Incorrect result for %p when implementation printf

Question

I'm working on my own printf code and I got 2 problems that I hoped you might be able to help me with.

The first one is with the %p option :

This option gives me the pointer address of a void* in hex form. So what I'm doing is this :

void    printp(void *thing)
{
    dectohex((long)&thing, 1);
}  

where dectohex is just a function converting a decimal to hex. The result will always be correct, except for the last 3 characters. Always. For example :

me : 0x5903d8b8 , printf : 0x5903da28.

And these characters don't change very often, whereas the other part changes at each call like its supposed to.

The other problem I have is with the %O option. I can't manage to convert a signed int to an unsigned int. printf prints huge numbers for negative int's, and no casts seems to work since I wouldn't have the place to store it anyways.

EDIT: Thanks sooo much for the answers, so apparently for the first problem i was just a little stupid. For the second question i'm gonna try the different solutions you gave me and update you if i manage to do it.

Again thanks so much for your time and patience, and sorry for the delay in my response, i checked the email alert for any answer but it doesn't work apparently.

REEDIT: After reading your answers to my second question more carefully, i think some of you think i asked about %o or %0. I was really talking about %O as in %lo i think. In the man it tells me "%O : The long int argument is converted to unsigned octal". My problem is before converting the long int to octal, i need to convert it to something unsigned.

Answer 1

If uintptr_t/intmax_t is defined (it is optional), convert the pointer to that integer type and then print.

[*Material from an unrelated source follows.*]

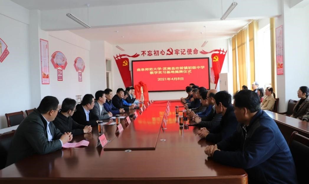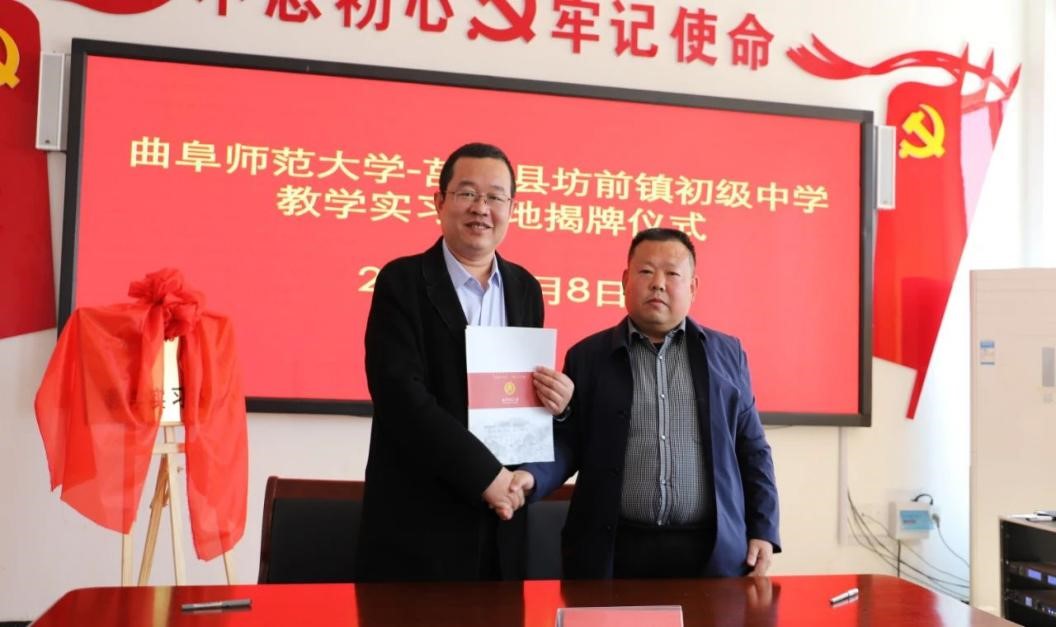 曲阜师大新闻中心讯 4月8日上午,为深化师范专业教育教学改革,推进开云手机入口与地方学校的合作,体育科学学院在学校派驻莒南县坊前镇第一书记工作组的支持下,在莒南县坊前中学举行教学实习基地揭牌仪式。学院党委书记刘敏、院长助理曾凡鑫、伊超等,开云手机入口派驻坊前镇第一书记工作组王慕东、魏伟、刘建河、钟振洪、孔喜良,坊前镇党委政府主要负责同志以及坊前中学负责人、部分教干、教学骨干参加本次仪式。坊前镇党委副书记刘泉田主持仪式。

Otherwise, if sizeof(uintmax_t) >= sizeof (void *) , convert to uintmax_t. uintmax_t is a required type, but may not be sufficiently large.

void printp(void *thing) {
  uintptr_t j = (uintptr_t) thing;
  char lst[(sizeof j * CHAR_BIT + 3)/ 4 + 1]; // Size needed to print in base 16
  char *p = &lst[sizeof lst] - 1;
  *p = '\0';
  do {
    p--;
    *p = "0123456789ABCDEF"[j%16];
    j /= 16;
  } while (p > lst);
  fputs(p, stdout);
}

---

The %O problem is likely a sign extension issue. (@mafso) Insure valuables used are unsigned, like unsigned and unsigned long. Without seeing the code difficult to know for sure.

Answer 2

About the first issue you're having, just to make sure, you want to print the address of thing (note that thing itself is a pointer) or the address of the origin of thing (the pointer to the pointer thing)?

You're currently printing the pointer to the pointer.

Change

dectohex((long)&thing, 1); 

to

dectohex((long)thing, 1); 

if that is the case.

About the %O problem, can you give a code example?

Answer 3

You need "unsigned long long" for your cast.

Pointers are unsigned, but long is signed.

The number of bits in any data type is implementation-dependent; however these days it is common for long and unsigned long to be 32 bits.

edit: to be more clear, you can't count on anything about the number of bits in C, C++ or Objective-C, it's always implementation-dependent. For example it was at one time common to have nine bit bytes and thirty-six bit words. That's why the Internet Protocols always specify "octets" - groups of eight bites - rather then "bytes".

That's one advantage of Java, in that the number of bits in each data type is strictly definited.